Take the 2-minute tour ×
Computational Science Stack Exchange is a question and answer site for scientists using computers to solve scientific problems. It's 100% free, no registration required.

It is stated in http://users.eecs.northwestern.edu/~yingwu/teaching/EECS510/Reading/Williams_NIPS01.pdf

that the PCA mapping from $h$-dimensional data to low $k$-dimensional space minimizes $$\sum_{i,~j} d_{ij}^2-g_{ij}^2,$$ subject to orthonormality of direction vectors. Distances $d_{ij}$ and $g_{ij}$ correspond to distances between items $i,j$ in a high and low-dimensional space, respectively. Can it be shown that PCA also minimizes $$\sum_{i,~j} (d_{ij}-g_{ij})^2,$$subject to orthonormality of direction vectors?

share|improve this question
    
This is my favorite application of principal components (SVD). My hunch is the criteria are so different that optimizing one generally cannot also optimize the other, and that an example with just a few data points should suffice to show it. –  hardmath Dec 15 '12 at 15:37
    
@hardmath I agree; I found numerous papers (and two books) claiming the second criterion is optimized by PCA. Others claim it's the first. Please form your answer, possibly with derivation. –  usero Dec 15 '12 at 20:27

1 Answer 1

up vote 1 down vote accepted

Consider, in some "high dimensional" Euclidean space $\mathbb{R}^n$, a set $\mathscr{S}$ of points and all the unordered distinct pairs (edges) $\mathscr{E}$ drawn from that set. Denote the usual Euclidean distance for each pair $e \in \mathscr{E}$ by $d_e$.
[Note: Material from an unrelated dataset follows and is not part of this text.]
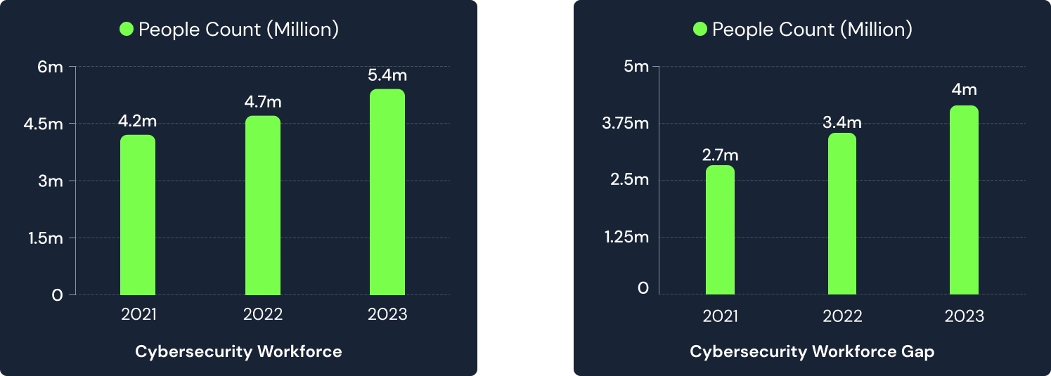 Below, you can see graphs showing employment numbers and workforce gaps in the cybersecurity sector.
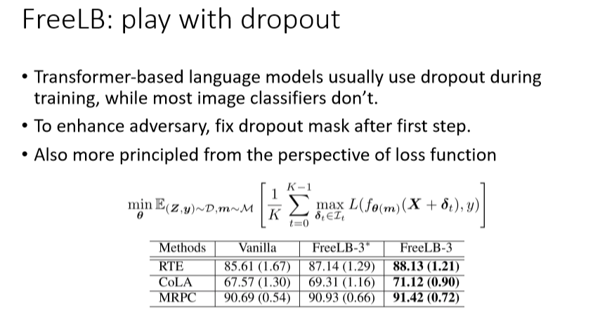 Dropout的影响在图片的抗训练领域里没有得到广泛关注,因为目前在图像领域在大多情况下已经不再使用Dropout了,但是在基于Transformer的语言模型里还是需要使用Dropout,即使是在fine tuning过程,我们仍使用了Dropout。为了增加对抗的强度,我们需要在每步梯度上升时固定Dropout Mask, 这与FreeAT过期问题相似,因为网络每一层的结构都不相同,得到的输入梯度有很多的噪声。从目标函数的角度来看,我们想优化对于不同dropout mask下损失函数的期望,损失函数在K-step里是所有样本损失之和,所以需要在每一步里的dropout保持相同。

We ask about orthogonally projecting $\mathscr{S}$ onto a lower dimensional subspace, say of dimension $k$, so that the (reduced) distances $\delta_e$ between projected pairs $\pi(e)$ collectively best approximate the original distances $d_e$.

Two optimality criteria are described in this question, the first being minimization of:

$$ (1) \; \sum_{e \in \mathscr{E}} d_e^2 - \delta_e^2 $$

and the second being a least squares formulation, minimizing:

$$ (2) \; \sum_{e \in \mathscr{E}} (d_e - \delta_e)^2 $$

The question posed is whether a solution optimal for the first criterion is necessarily optimal in the second sense. We propose a simple example showing this is not the case, taking the 3-4-5 right triangle in the plane and orthogonally projecting it onto a line.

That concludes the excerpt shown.